Chapter 7
After he moved into the Turquoise Towers, Stacy spent his days in various ways, as if his life had turned into a series of day trips. One day he went to the library, another to the park . His only rule was that wherever he went, he had to make a day long event out of it.
This was challenging when he chose the supermarket, but surprisingly eventful. He never realized that by hanging around a food store he could study human nature just as well as any classroom, if not better.
In the morning, screaming toddlers in shopping carts tossed boxes of fruity cereal around the aisles as their frazzled mothers retrieved and side stepped additional ammo. Stacy sipped coffee and watched as frail seniors leaned on carts, wending their way through the store, some carefully adding up their purchases on calculators and eliminating items.
Stacy followed one senior couple through the store as unobtrusively as he could, listening as they decided to buy an off brand of oatmeal to save money. After they passed, he picked up the box of oatmeal they wanted and placed it carefully into the cart he was pushing with his cane propped up in it. He did the same every time they put back an item and got in line just ahead of them at the cash register.
The cart was full of all kinds of items: gouda, the husband’s favorite cheese; Oreo cookies with the mint filling; Triscuits; Schweppe’s gingerale with raspberry; and fresh fruits and vegetables the wife reluctantly passed by.
As Stacy put the items on the checkout counter, the husband said to him “I like those cookies, too.”
“Well, you’re better off without them, dear,” his wife said, smiling at both Stacy and her husband, who also smiled.
Stacy smiled back at both of them. He paid for the items and waited with the bags of groceries in the cart for the older couple to finish. Then he followed them out to their car. “These are for you,” he said.
“What?’ the husband asked.
“I bought them for you,” Stacy said, suddenly feeling awkward, as if he had done the wrong thing , the wrong way. Maybe he had no business interfering with these folks. Maybe his help would be seen as charity.
“How nice of you, dear,” the wife said, smiling a bit crookedly. “But we have our own groceries.”
“This is what you wanted – all these things, are the brands, the kinds you like. You should have them. I insist,” Stacy said.
The couple looked at each other. “But why?” the wife asked.
“I just wanted to do this for you,” Stacy said. He felt stupid having to explain it.
“Alright then,” the wife said, nodding to her husband and he took Stacy’s packages out of his cart and placed them in the neat and clean trunk of their silver Camry. “Thank you. We’ll enjoy these treats. Let’s go, honey,” she said, grabbing her keys and inching past Stacy to get into the car.
It wasn’t long before the husband slammed the trunk. He extended his right hand to shake Stacy’s, then pulled it back slightly when Stacy extended his paralyzed one. But they shook hands, the senior’s firm grip leaving a mark on Stacy’s hand. “Take care, son,” the man said, nodding. “You got any family?”
Stacy nodded.
“Call them, ok?”
Stacy stood to the side, leaning on his cane and watching as they pulled out of the lot, the wife driving hurriedly. She smiled again at Stacy, then took off toward the highway. He watched as the silver sedan joined a stream of silver sedans, white, red , and blue sedans. Silently, he swallowed.
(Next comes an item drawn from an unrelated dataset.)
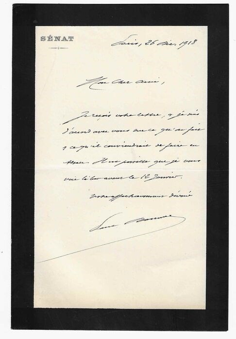 Zeer mooie handtekeningbrief ondertekend door Paul Doumer, Frans staatsman, president van de republiek van 13 juni 1931 tot aan zijn dood, vermoord op 7 mei 1932.

The rhythm of his life. It was gone now. Interrupted, not to be found again except perhaps in a cadence, a chance musical piece where for one moment he could both lose and find himself knowing that there was a space where fitting didn’t matter. It would, however, probably take a symphony.
Out here, in the parking lot of a supermarket, there was no way it would happen.
Stacy glanced at his watch. Three o’clock. Kids coming out of school, parents rushing on their way home to the food store to pick up things for dinner, snacks, milk, bread, essentials that weren’t, apparently, essential.
It seemed essential when he listened to them in the aisles, when the husband said he would miss his Oreos with the mint filling. And now it seemed silly to Stacy that he even bothered to notice, as it was back in Iraq when he cried after he saw a little boy blown up after he ran into gunfire in the streets trying to chase a ball.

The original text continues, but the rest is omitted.